A History of English Church Music
Andrew Gant
University of Chicago Press, 2017
For as long as people have worshipped together, music has played a key role in church life. With O Sing unto the Lord, Andrew Gant offers a fascinating history of English church music, from the Latin chant of late antiquity to the great proliferation of styles seen in contemporary repertoires.

The ornate complexity of pre-Reformation Catholic liturgies revealed the exclusive nature of this form of worship. By contrast, simple English psalms, set to well-known folk songs, summed up the aims of the Reformation with its music for everyone. The Enlightenment brought hymns, the Methodists and Victorians a new delight in the beauty and emotion of worship. Today, church music mirrors our multifaceted worldview, embracing the sounds of pop and jazz along with the more traditional music of choir and organ. And reflecting its truly global reach, the influence of English church music can be found in everything from masses sung in Korean to American Sacred Harp singing.

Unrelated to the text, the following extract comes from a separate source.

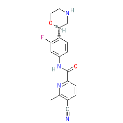 | SMILES | Cc1nc(C(=O)Nc2ccc([C@H]3CNCCO3)c(F)c2)ccc1C#N |
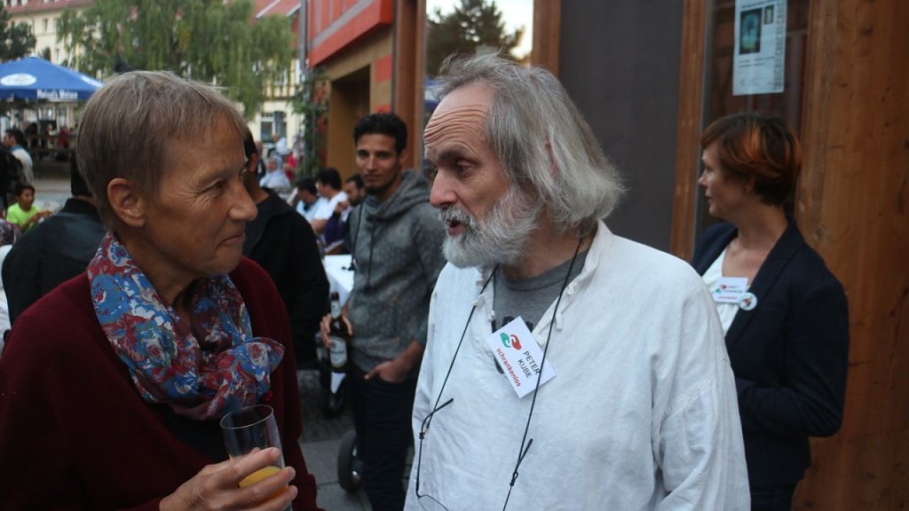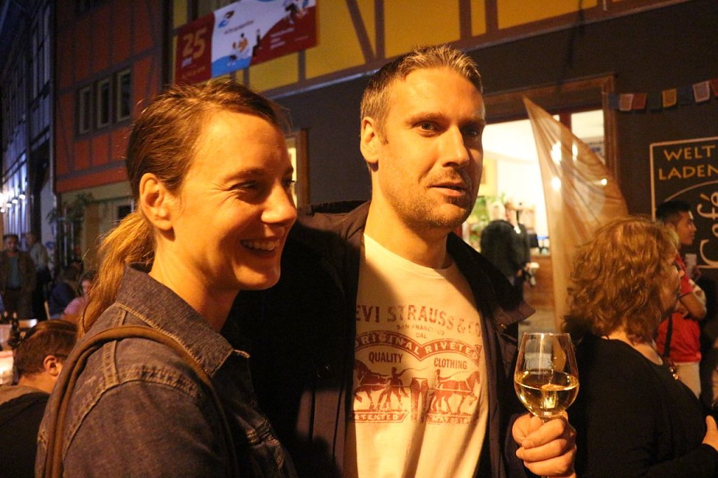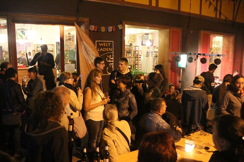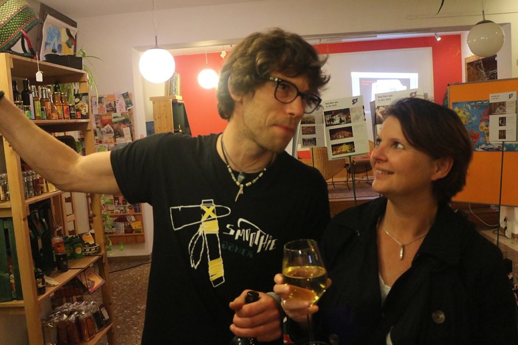 Den Geburtstag begann man mit ernsten Diskussionen. Thüringens Justizminister Dieter Lauinger weilte im Weltladen und sprach mit Vereinsgründer Peter Kube über das aktuelle Weltgeschehen, Flüchtlingspolitik und Religion.

From medieval chorales to “Amazing Grace,” West Gallery music to Christmas carols, English church music has broken through the boundaries of time, place, and denomination to remain familiar and cherished everywhere. Expansive and sure to appeal to all music lovers, O Sing unto the Lord is the biography of a tradition, a book about people, and a celebration of one of the most important sides to our cultural heritage.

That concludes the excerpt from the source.